The accounting question in lay terms: Are the charges valid, can they be verified, and are they treated in a manner consistent with accounting practices across communications expenses and assets?

Beyond basic compliance issues, there are immediate potential hard-dollar savings. There are also other benefits that come from good management practices. Potential savings vary depending on the size of the organization and the effectiveness of current practice. Realizing the savings requires headcount and computer resources appropriate to the size of the organization. To get a feel for potential impact you can compare your organization to large and mid-size business.

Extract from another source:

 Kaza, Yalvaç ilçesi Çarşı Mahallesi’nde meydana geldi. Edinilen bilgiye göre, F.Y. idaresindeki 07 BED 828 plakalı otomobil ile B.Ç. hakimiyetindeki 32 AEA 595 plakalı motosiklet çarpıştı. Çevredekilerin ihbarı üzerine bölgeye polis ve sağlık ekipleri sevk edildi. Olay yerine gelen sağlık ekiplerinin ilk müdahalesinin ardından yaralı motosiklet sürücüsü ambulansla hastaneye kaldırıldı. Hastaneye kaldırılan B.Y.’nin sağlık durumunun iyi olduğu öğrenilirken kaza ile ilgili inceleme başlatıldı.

Fortune 500 companies average $10 to $12 billion in annual revenue and typically spend $100 to $120 million on communications. Mid-size companies average $18 to $20 million in revenue and spend $20 to $30 million on communications. It takes between one and seven heads to pay the (monthly) telephone bill, which typically ranges between a few hundred and several thousand invoices, where each invoice may contain several hundred or several thousand pages (or pounds). The monthly delivery of the telephone bill becomes a point where the physical work involved in breaking the bill down and entering the actual charges into an accounting system is a daunting effort. Validating the charges is almost never done, and that’s one of the areas where cost management can realize significant hard-dollar savings. How much is the issue. General industry consensus based on experience is a range of 10% to 12% of total spending during the first year, tapering to half that level over the next 4 or 5 years. If one took the numbers literally, that would indicate a positive impact on earnings for the Fortune 500 on the order of $10 to $12 million or 10% of earnings, and $2 to $3 million for mid-size companies. How to realize that kind of impact on net income is attention-getting for any sane chief financial officer or chief executive officer.

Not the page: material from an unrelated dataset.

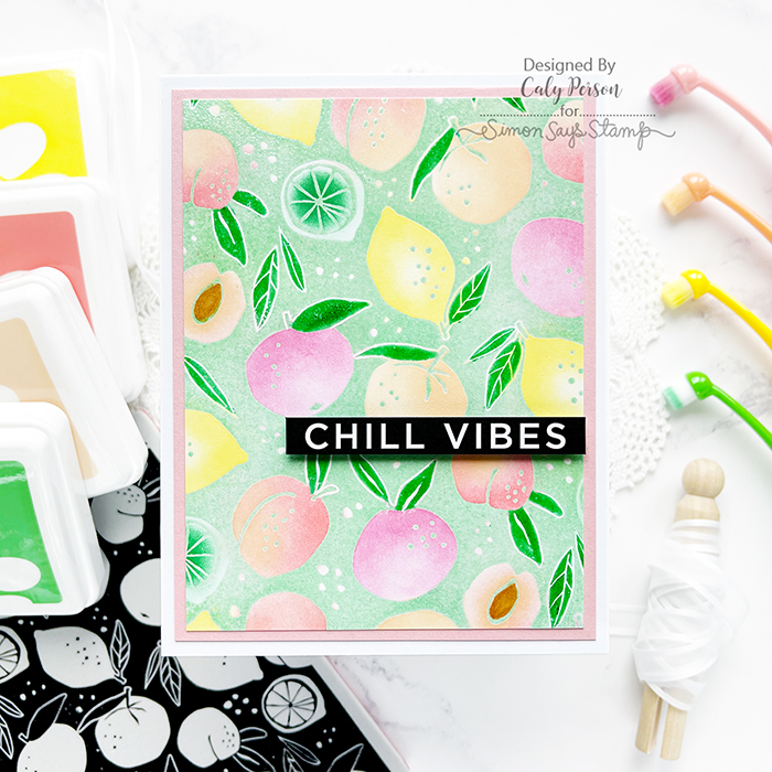 I’m back to share more inspiration from the Simon Says Stamp Let’s Chill Release. Today’s card uses the Fresh Fruit red rubber background cling stamp. Sometimes, it feels limiting to use a background cling but I’m sharing how you can make it colorful with my card.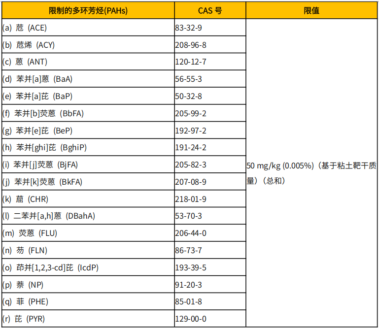 2025年4月2日,歐盟委員會批準(zhǔn)和發(fā)布法規(guī)(EU) 2025/660,在歐盟REACH法規(guī)(EC) No 1907/2006附錄XVII中增加了第50a項,限制射擊用粘土靶中的18項多環(huán)芳烴(PAHs)含量。該修訂將于2025年4月22日生效,并將于2026年4月22日執(zhí)行。

Very few, if any, large companies receive and pay paper phone bills today. Even with the demise of paper invoices, the number of transactions and invoices cries for some form of automated invoice validation. Pricing complexity for basic services, plus the burdens of taxes, access charges, universal service fees, and other add-on charges imposed by federal, state, and municipal tax authorities all add up to a significant challenge. Adding normal business expansion, contraction, churn, and change doesn’t make it easier. Automated invoice verification requires the bill in machine-readable form and an accurate, well maintained reference database containing standard cost and inventory of circuits, equipment, facilities, and services.

Defining the Problem

Recall the earlier description of what is included in telephone service bills—they are highly summarized and comparing each charge in each invoice is very labor intensive. To put the problem and a potential approach to solving it in perspective, it is helpful to diagram it out as shown in Figure 1.

Figure 1: End-to-End Billing and Cost Allocation Process

On the service provider side, it is easy to see that the billing submitted is made up of many components. The basic service charges include a fixed monthly charge for local service and variable charges for long distance service. In addition to basic service charges, there are a myriad of federal, state, and municipal taxes, FCC access charges, universal service fee, and others. 

FCC access charge funds do not get remitted to the FCC. They go into the RBOC Treasury. This has implications for the future as far as eliminating variable long distance charges.

On the organizational side of the problem, we have two basic needs: keep track of taxes that may have an impact on corporate income or other taxes and fees that may be useful when dealing with community relations or investor information, and allocate total expenditures to all the departments in the accounting system.